- **Instructions to follow**
Print nothing beyond the line with "Convergence speed. fig": every line from the beginning of the data up to it, that line included, and no pictures.

- **Source data**

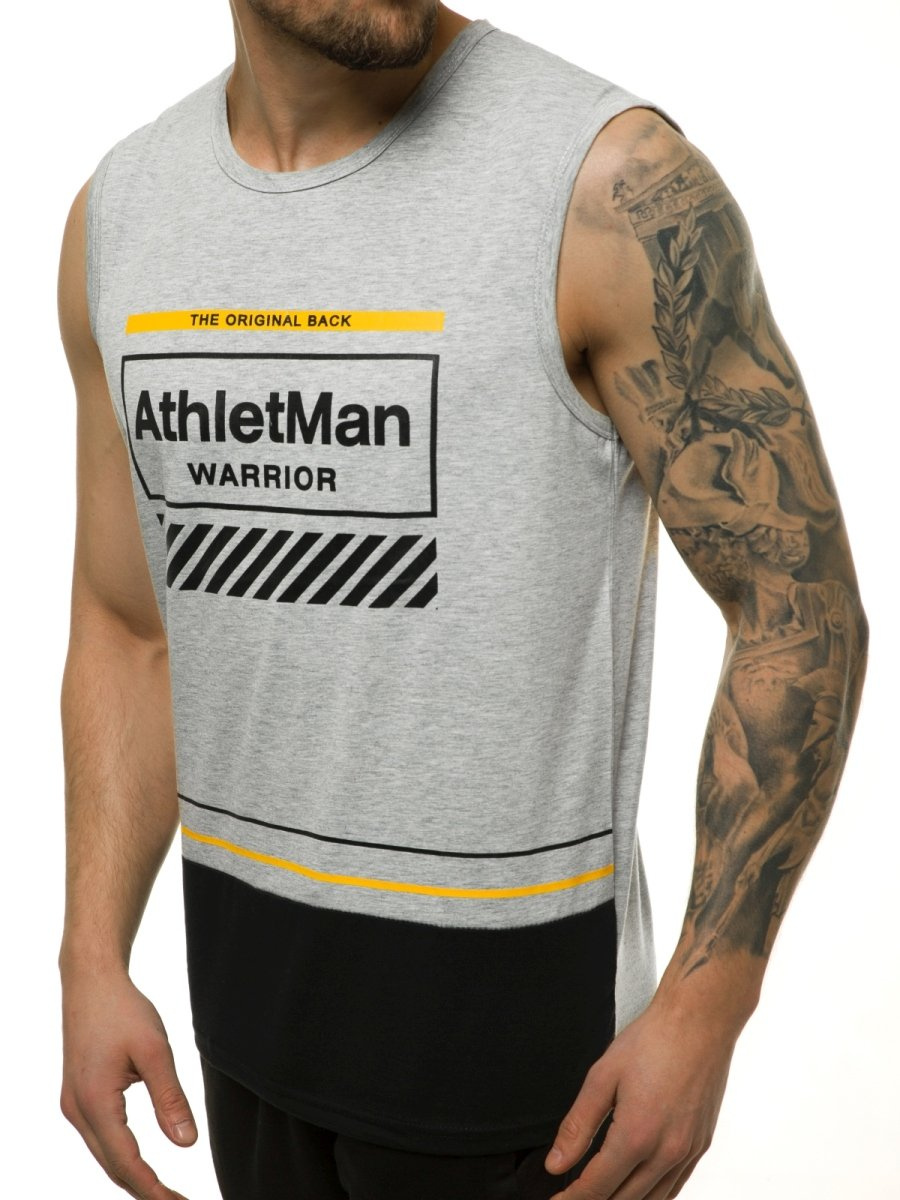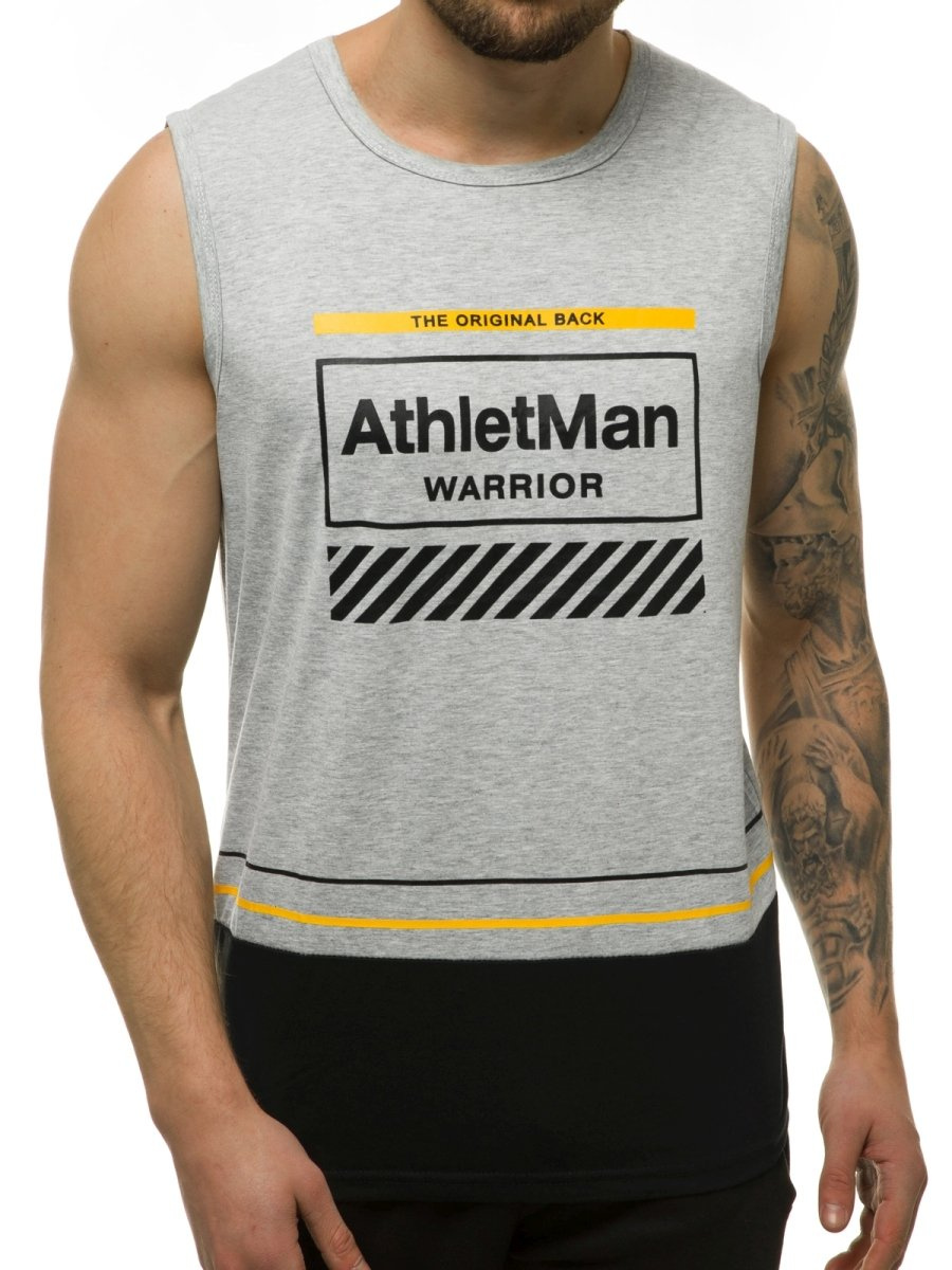 Tego typu koszulka bez rękawów określana jest mianem tanktopu. Model ten posiada nadruk na przodzie oraz kontrastowe łączenie tkaniny na dole, dzięki czemu wygląda bardzo efektownie. Tanktop został wyprodukowany z połączenia bawełny oraz poliestru. Sprawia to, że ładnie dopasowuje się do sylwetki, jest wygodny w noszeniu, miły w dotyku, nie gniecie się i nie rozciąga.
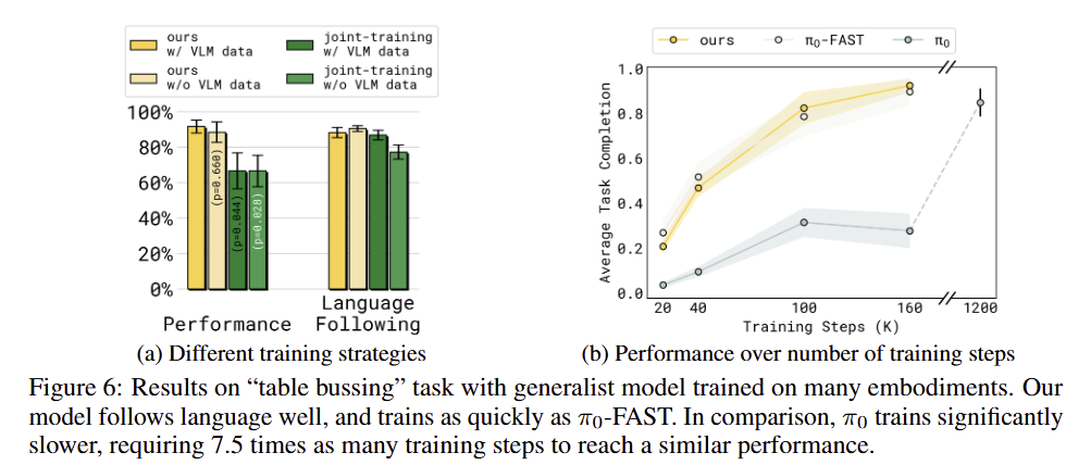 Convergence speed. fig 6-b에서 보이는 바와 같이 SG와 VLM data로 co-training을 활용한 경우에 pi-zero보다 훨씬 빠르게 수렴하는 결과를 보여주며, autoregressive model인 FAST보다 같은 step에서도 더 좋은 성능을 보여줌으로써, convergence에 긍정적인 효과를 줌을 증빙합니다.
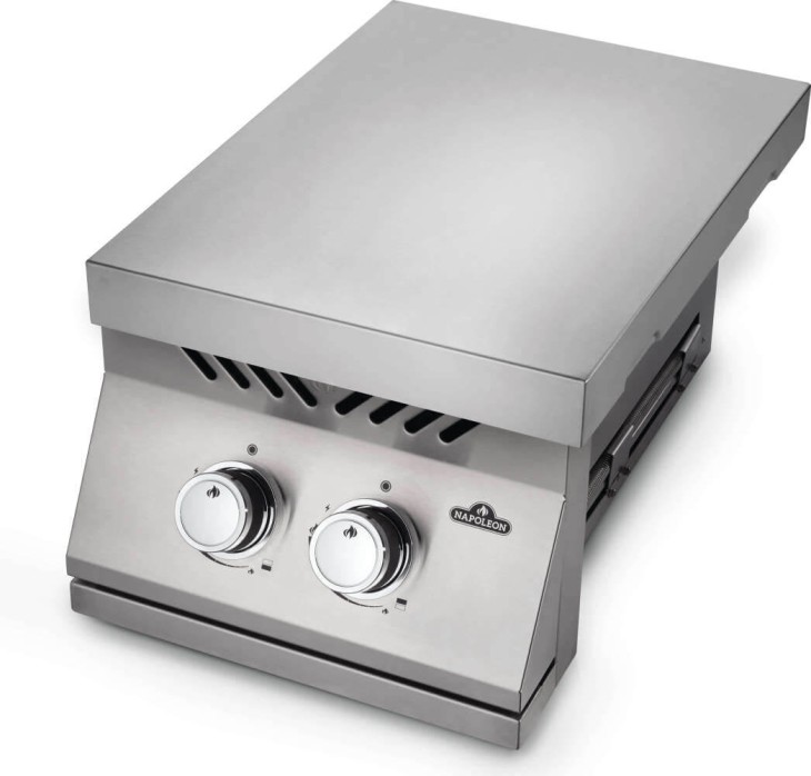 De perfecte aanvulling op je buitenkeuken is deze Napoleon inbouw zijbrander. De zijbrander is gemakkelijk in te bouwen en wordt verzonken in het bovenblad van jouw buitenkeuken. Zo kun je naast je barbecue een saus of marinade maken, een soep opwarmen of wat groentes bakken. Afgewerkt met 7.5 mm dik RVS Wave grillrooster. En met 2.9kW is deze brander zeer krachtig. De brander zelf werkt op flessengas. Maak bijgerechten en sauzen terwijl de hoofdgrill in gebruik is. Ontsteek deze brander met één hand met het elektrische JETFIRE ™ -ontstekingssysteem. De grote, ergonomische NIGHTLIGHT ™ bedieningsknop zorgen voor sfeer en veiligheid. Hij is blauw wanneer de brander niet in gebruik is en gloeit rood op wanneer de brander in gebruik is. De inbouw zijbrander is gemaakt van dezelfde kwaliteit roestvrij staal als de inbouw grills van Napoleon. Dus gegarandeerd een lange levensduur en veel kookplezier.

- **Answer to the problem**
 Tego typu koszulka bez rękawów określana jest mianem tanktopu. Model ten posiada nadruk na przodzie oraz kontrastowe łączenie tkaniny na dole, dzięki czemu wygląda bardzo efektownie. Tanktop został wyprodukowany z połączenia bawełny oraz poliestru. Sprawia to, że ładnie dopasowuje się do sylwetki, jest wygodny w noszeniu, miły w dotyku, nie gniecie się i nie rozciąga.
 Convergence speed. fig 6-b에서 보이는 바와 같이 SG와 VLM data로 co-training을 활용한 경우에 pi-zero보다 훨씬 빠르게 수렴하는 결과를 보여주며, autoregressive model인 FAST보다 같은 step에서도 더 좋은 성능을 보여줌으로써, convergence에 긍정적인 효과를 줌을 증빙합니다.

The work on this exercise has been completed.